-- Provided material --
####

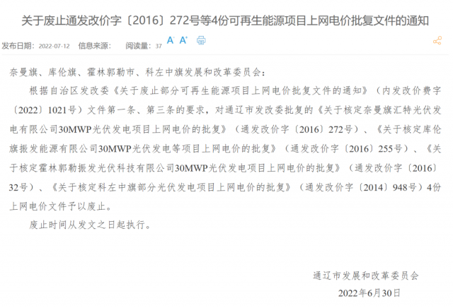 此前,太極實業(yè)(600667)8月4日晚間公告,公司關注到內蒙古發(fā)改委官網刊登的《關于廢止部分可再生能源項目上網電價批復文件的通知》,涉及子公司五個集中式光伏電站;所涉電站將不再享受電費補貼,公司將對所涉電站評估后計提固定資產減值準備,初步測算固定資產減值金額為3.28億元左右。該項固定資產減值預計將減少公司2022年上半年凈利潤3.28億元左右,占最近一期經審計凈利潤的36.12%。同時,本次電價批復廢止將導致所涉電站電價補貼被取消,經初步測算,預計減少公司2022年下半年光伏發(fā)電業(yè)務收入4906萬元左右,減少公司2022年下半年凈利潤4170萬元左右。
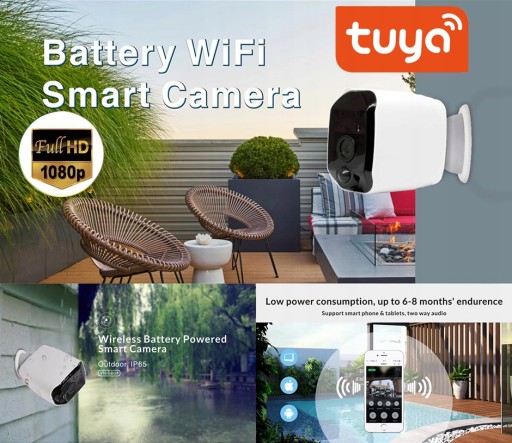 Kamera IP WIFI z akumulatorem bez konieczności podłączania do prądu, kamera pracuje na bateriach do 8 miesiecy, podglad online, obsługa kart micro sd. Kąt patrzenia kamery to aż 104 stopnie. Funkcje : BLC, IR, HLC, Motion Compensation, WDR
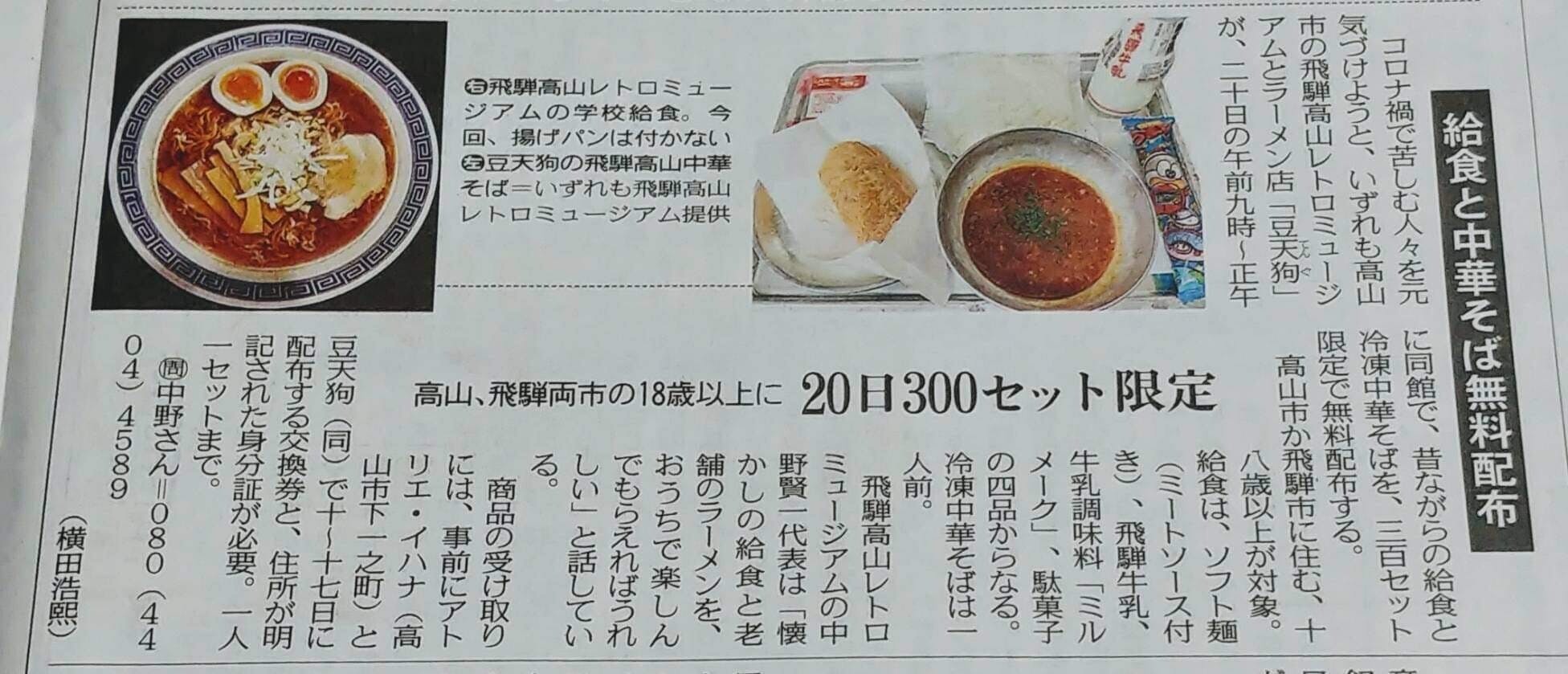 2021/02/11 09:00おはようございます。ご支援いただきました方、誠に有難うございます。2月20日の9:00~正午に、飛騨高山レトロミュージアム様にて、昔ながらの給食と、豆天狗の冷凍中華そばをお配り致します。 今回、飛騨高山レトロミュージアムの中野様より、クラウドファンディングを通じて、豆天狗の現状を知っていただき、300食分のご支援をいただき、お配りいただきます。 豆天狗はお手伝いしか協力ができず、お恥ずかしい限りですが、是非、この機会にご利用下さいませ。引換券は2月17日まで「アトリエ・イハナ」と「豆天狗」にてお配りしております。 中野様には本当に感謝しかありません。心意気と男気が素晴らしく、感激致しました。 皆様にもご支援や励ましの御言葉をいただき、毎日、心が動かされております。本当に有難うございます。 私も貢献ができる人間、会社創り目指し、コロナ禍を乗り越えます。 豆天狗 清水將行 もっと見る

####

-- Activity --
Only the lines from the one with "Kamera IP WIFI" through the last line above belong in the answer. Reproduce them exactly, without the pictures.

-- Response area --
 Kamera IP WIFI z akumulatorem bez konieczności podłączania do prądu, kamera pracuje na bateriach do 8 miesiecy, podglad online, obsługa kart micro sd. Kąt patrzenia kamery to aż 104 stopnie. Funkcje : BLC, IR, HLC, Motion Compensation, WDR
 2021/02/11 09:00おはようございます。ご支援いただきました方、誠に有難うございます。2月20日の9:00~正午に、飛騨高山レトロミュージアム様にて、昔ながらの給食と、豆天狗の冷凍中華そばをお配り致します。 今回、飛騨高山レトロミュージアムの中野様より、クラウドファンディングを通じて、豆天狗の現状を知っていただき、300食分のご支援をいただき、お配りいただきます。 豆天狗はお手伝いしか協力ができず、お恥ずかしい限りですが、是非、この機会にご利用下さいませ。引換券は2月17日まで「アトリエ・イハナ」と「豆天狗」にてお配りしております。 中野様には本当に感謝しかありません。心意気と男気が素晴らしく、感激致しました。 皆様にもご支援や励ましの御言葉をいただき、毎日、心が動かされております。本当に有難うございます。 私も貢献ができる人間、会社創り目指し、コロナ禍を乗り越えます。 豆天狗 清水將行 もっと見る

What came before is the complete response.